男子回来的时候,手上多了两根麻绳,李经理一看,早就吓得语无伦次,"你,你们究竟是谁,想...干什么?"
"我们老板说,你这样的人,就应该和狗一样活着。"
"放开我,我警告你们..."
男子将麻绳扔到同伴手中,两名壮汉轻而易举就将他双手双脚分别绑起来,再一边一头,扎在停车场内的柱子上。
李经理整个人被拉直,平躺在地上,这时,停在角落处的奥迪车发动引擎,缓缓开了过来。他已经感觉到灭顶的绝望,四肢开始挣扎,却一点力都使不上。
车轮滚动的很慢,逐步逼近,那种死亡的气息,一步步,能把活人生生逼疯。
男子开始大叫,声音像破锣一样刺耳,"救命啊,不要...救命啊..."那种恐惧,仿佛已经穿透了时间,容恩感觉全身冰冷,犹如置身在冰窟中一样,她抱紧双肩,眼睛死死盯着屏幕。
宽厚的轮胎逼近,李经理双眼突出,眼睁睁看着轮子从他的手臂上滚过去,骨骼脆弱的声音并未停止,碾过去的车轮倒回来,再重新压上已经断裂的手。
"啊..."
这一声,比方才更要刺穿耳膜,这辈子,容恩都没有听到过这么恐怖的声音,车子开出几步,再一个调头,以同样的方式冲向了男子垂死挣扎的双腿。
画面的冲击感尤为激烈,黑色的车头仿佛像容恩撞过来一般,她双腿发软,整个人瘫倒在了地上。
怪不得在电梯内,李经理流了那么多的血。
南夜爵将削好的苹果分成一块块放入果盘内,奥迪车停在李经理身边,从后座下来的男人起先背对着画面,他用脚踢了踢李经理的脸,见对方已经昏死过去,这才满意地转身。
阎越的脸,清晰被定格住,茶色的眼眸别人难以复制,身后,大滩大滩的血正从李经理的四肢喷涌出来,刚才南夜爵给她看的,就是这幅被拍下来的惨状。
容恩仿佛又闻到了那股刺鼻的血腥味,她喉咙口抑制不住,忙起身后跌跌撞撞跑向卫生间。
吃的晚饭全都吐了出来,她一手压住胃部,上半身痛苦地弓起,用冷水漱口洗脸后,这才拖着沉重的脚步走出去。

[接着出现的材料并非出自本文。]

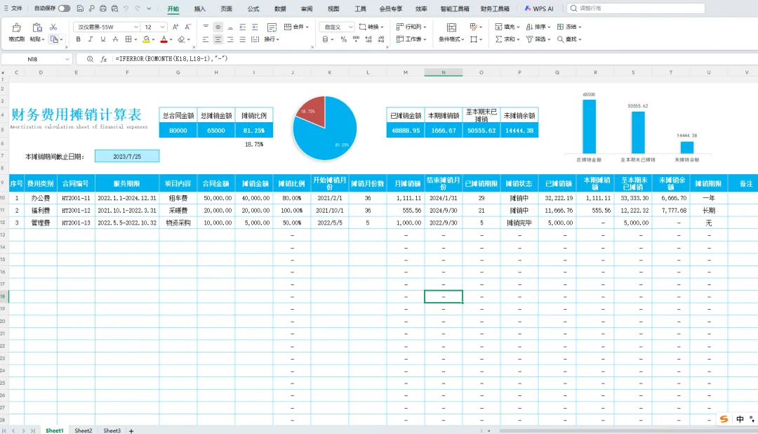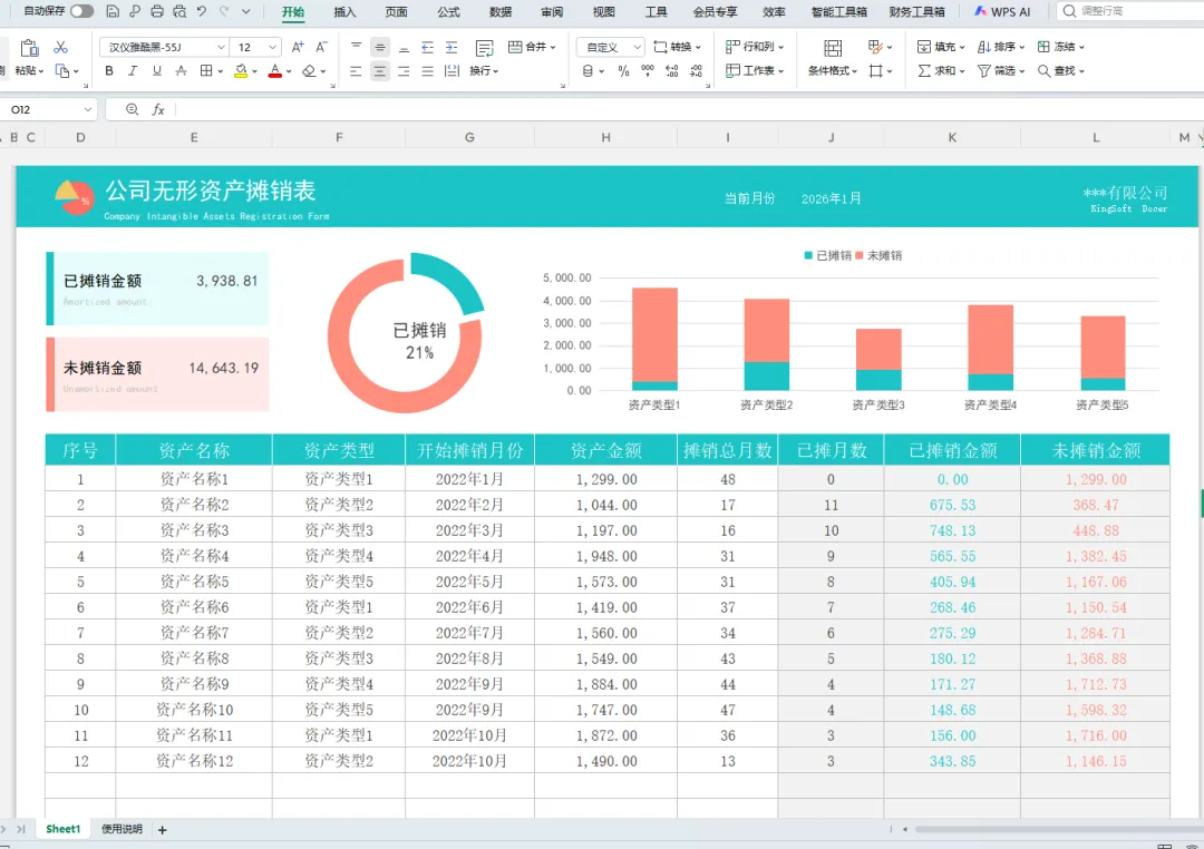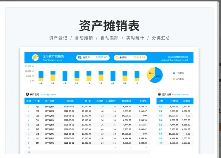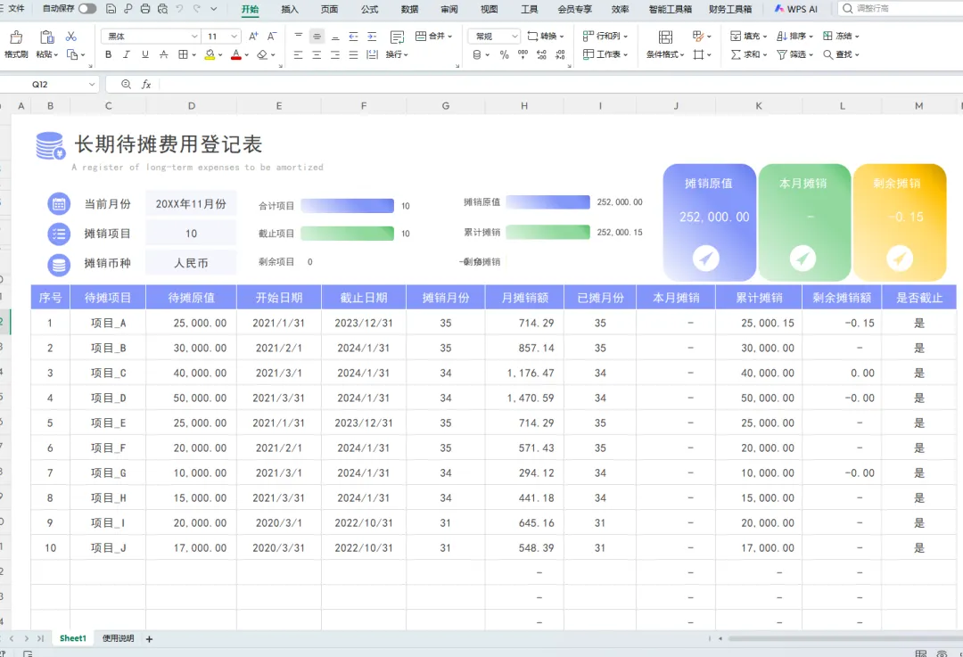 财务常用Excel表格:费用摊销表模板,含财务费用摊销自动计算表、公司无形资产摊销统计表、期间费用分摊表、长期待摊费用摊销表,可套用!
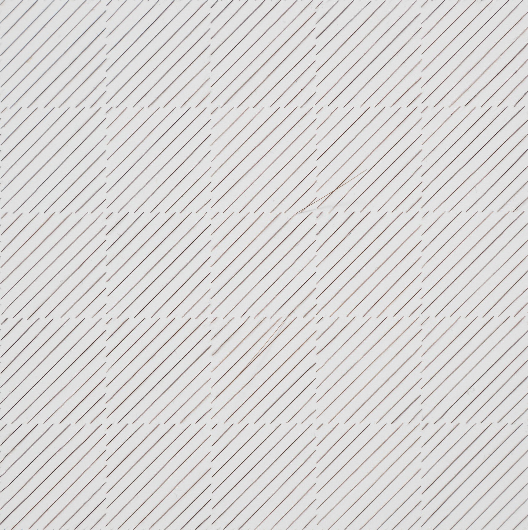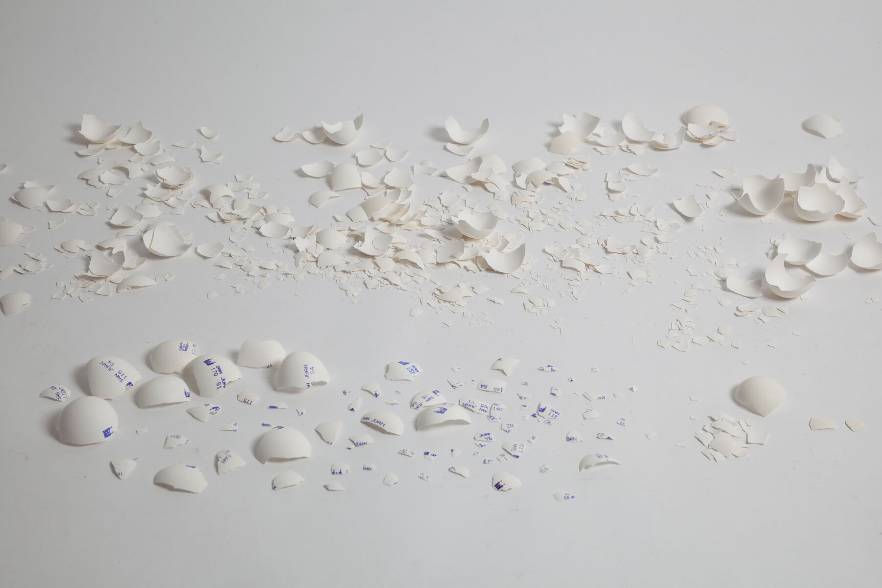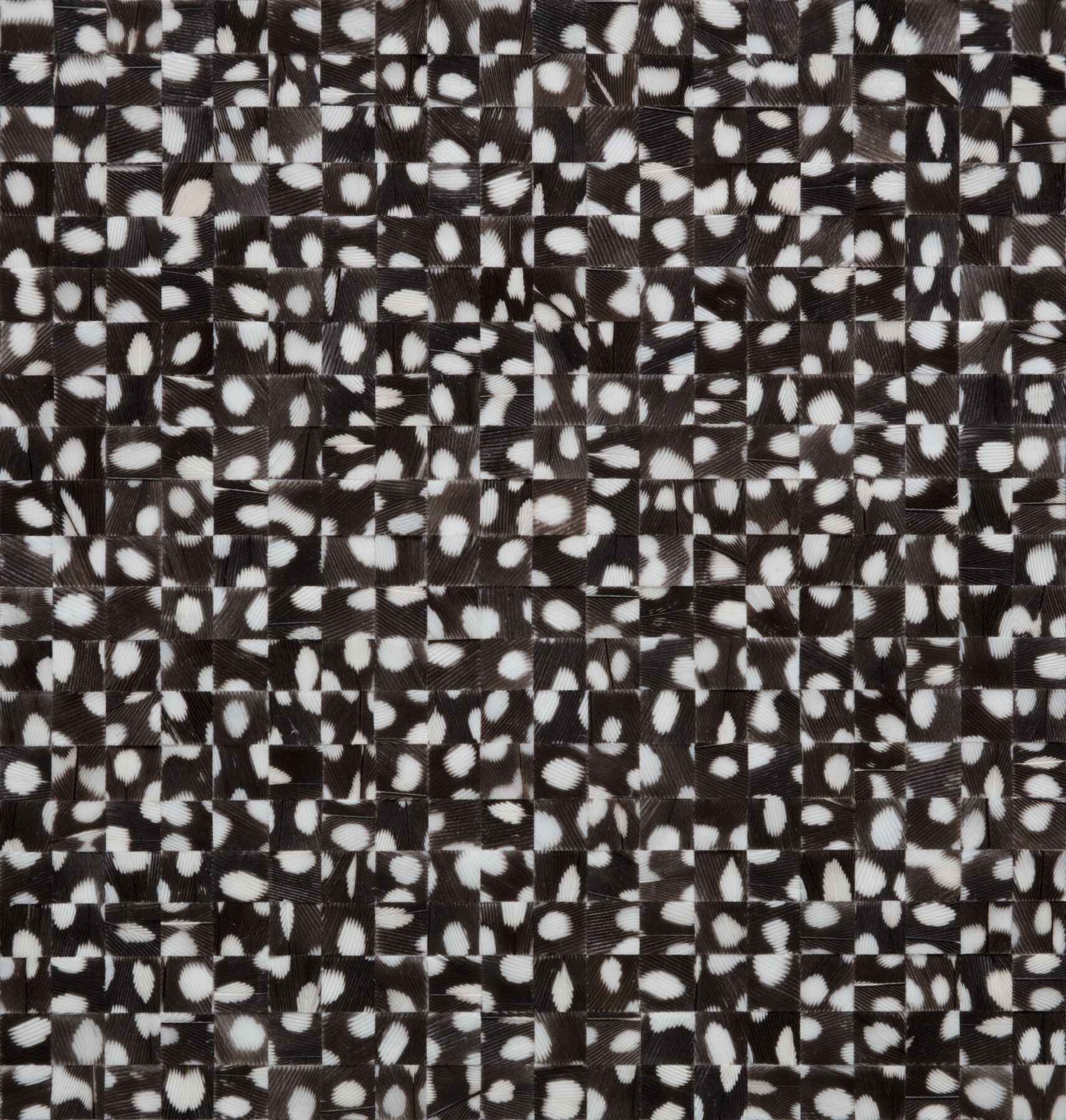 In my series of drawings on paper with human hair (2004–ongoing, fig. 22.7), although the hair is organic matter, it lasts a very long time as the container of a person’s energy. In the pieces with pigmented turkey feathers (fig. 22.8) and natural-colored feathers from various birds (fig. 22.9), I use acid-free materials, as suggested by conservators. To preserve the color, whether natural or artificial, I enclose them in museum glass, which protects the pieces from 99 percent of ultraviolet rays. If the works lose some color, they are still the same works, just aged over time, which I believe adds something special. The series made with eggshells, titled CaCO3, which I began in 2013 and continues to date, portrays my compulsion to reach degree zero in painting, which has led me to explore the medium itself outside of itself—that is, the idea of painting without painting. The entire surface, prepared with the same care as a canvas that will slowly disappear as it is impregnated with oil paint, will be covered with tiny pieces of this material. The eggshells, previously selected and catalogued by color, are broken up, counted, and placed on the surface so that no empty space is left and, at all costs, they never overlap (fig. 22.10). Control during the process is absolute; I keep a record of the time it takes to cover the entire surface and also how many pieces fit on it. This information provides the title.
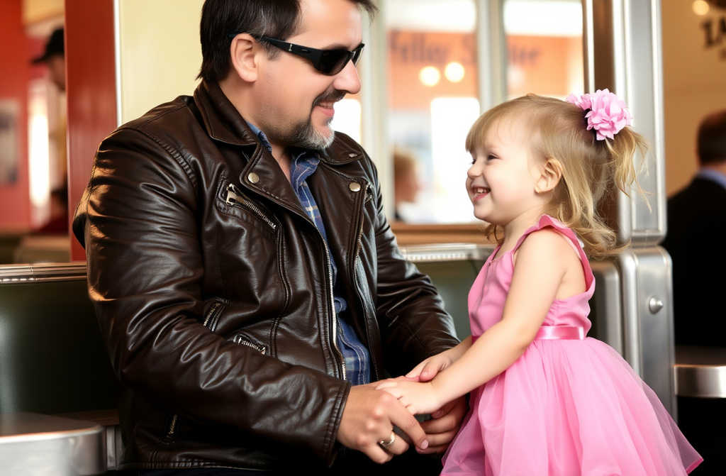 Ik nam veel ruimte in. Dat wist ik. Ik ben 1 meter 95, gebouwd als een vriezer, met een baard en een leren jas die tegen iedereen schreeuwt: “Blijf weg.” Mijn helm lag op tafel, vol stickers van kroegen tussen hier en het TT-circuit in Assen. Ik zocht geen problemen, alleen wat cafeïne.
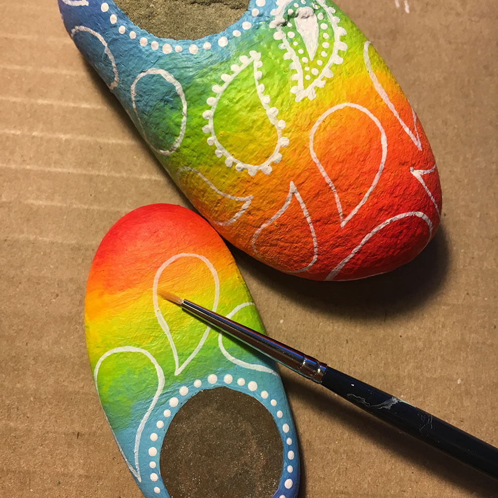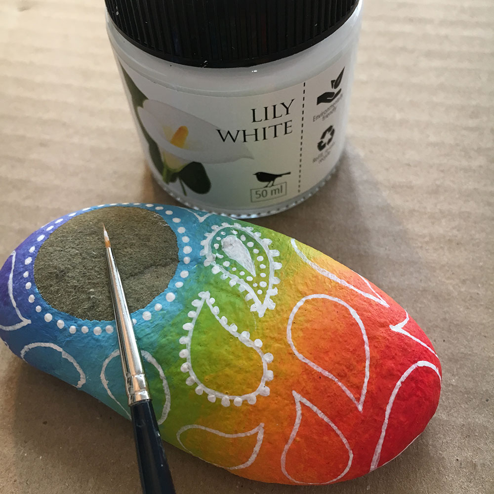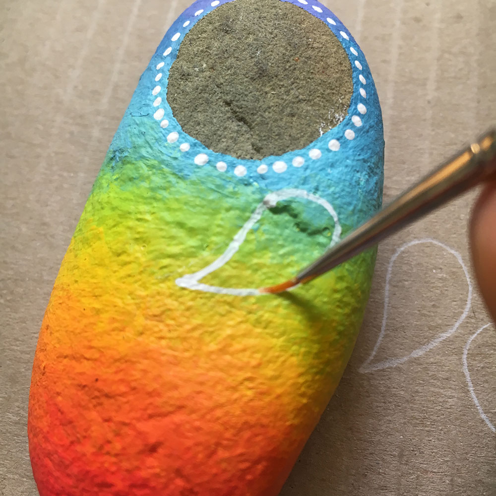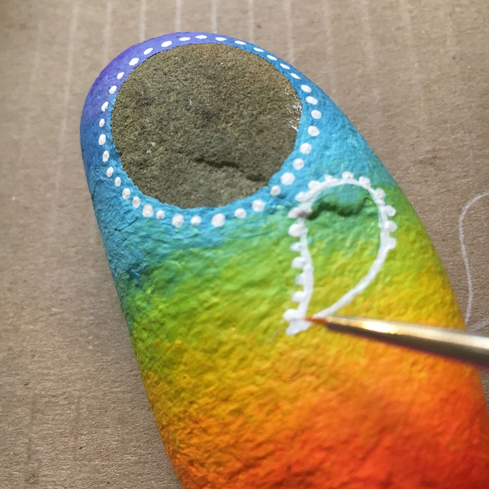 The little rainbow baby is complete. If you would like a bit more fine detail, add a teardrop shape inside the white teardrop shape to match the colour behind the paisley shape. You can do this all over the rock, matching the colour behind as you go along. Remember to varnish your rock once all the paint is completely dry.

电视画面,反复重放,容恩走过去将插头拔掉,南夜爵则冲她招招手,"过来。"
她坐在地上,背靠着沙发,"你想要什么?"
南夜爵甘愿屈尊,挨着她坐下来,一条腿弯起,"这么残忍的手段,连我看了,都有点吃不消。"
容恩充耳不闻,两手环着膝盖,"什么交换条件?"
"做起交易来,你倒是熟练得很。"男人右手搭上容恩的肩,整个身子挨过去,"万达的方案,看来是解决了,只是他做事太不小心,竟留了条更致命的尾巴。"
"没想到,堂堂爵少也会为了我这样不起眼的人,花费那么多心思。"
一语被点破,南夜爵胸膛起伏几下,难以抑制地大笑出声,"恩恩,你是不是特别恨我?"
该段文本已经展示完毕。